Como cada 25 de julio ayer ondearon muchas banderas. La independentista catalana, la cubana, la palestina, la comunista y, sobre todo, la bandera de Galicia con la estrella roja de cinco puntas, emblema del BNG desde su fundación que se ha convertido en la imagen distintiva del nacionalismo gallego. Algunos de los militantes y cargos que estaban ayer autorizados para ocupar un puesto en el palco llevaron también la bandera con el escudo oficial de Galicia, que está también reconocida en los estatutos del BNG. Cuando la tenían izada fueron reprendidos rápidamente por responsables de la organización que vieron en esa actitud un desafío y una provocación por usar un emblema no distintivo del nacionalismo gallego. Algunos optaron por atársela a la cintura y otros por esconderla. Fue la única anécdota en un acto marcado por el calor y por la convivencia en la Quintana entre manifestantes y peregrinos que aguardaban para entrar por la Puerta Santa.
Convivencia con turistas
Muchos de los turistas formaban una larga cola en un lado de la escalinata de la Quintana, lo que siembra la duda de si a la manifestación de ayer acudió menos gente que otros años.
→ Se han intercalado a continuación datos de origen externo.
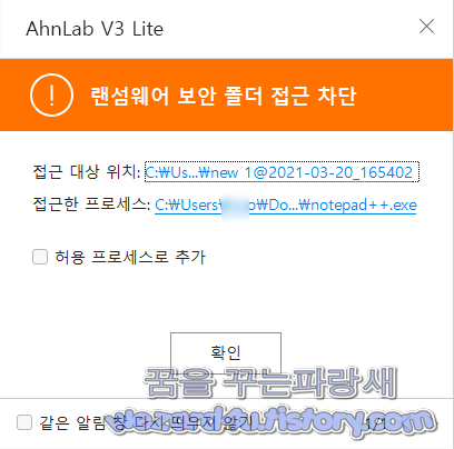 보안 폴더로 지정한 폴더에는 허용 프로세스 외에는 접근되지 않음

Algunos de los militantes y simpatizantes del BNG se quedaron sin entrar en la plaza. Pero a diferencia de lo que ocurre en otras movilizaciones, donde los convocantes y las fuerzas de seguridad dan cifras diametralmente opuestas, ayer hubo una mayor proximidad entre ambas fuentes. La organización del Bloque situó la afluencia en algo más de 20.000, mientras que la Policía Local situó la participación entre 10.000 y 15.000 personas. La masiva afluencia de peregrinos complicó el cálculo.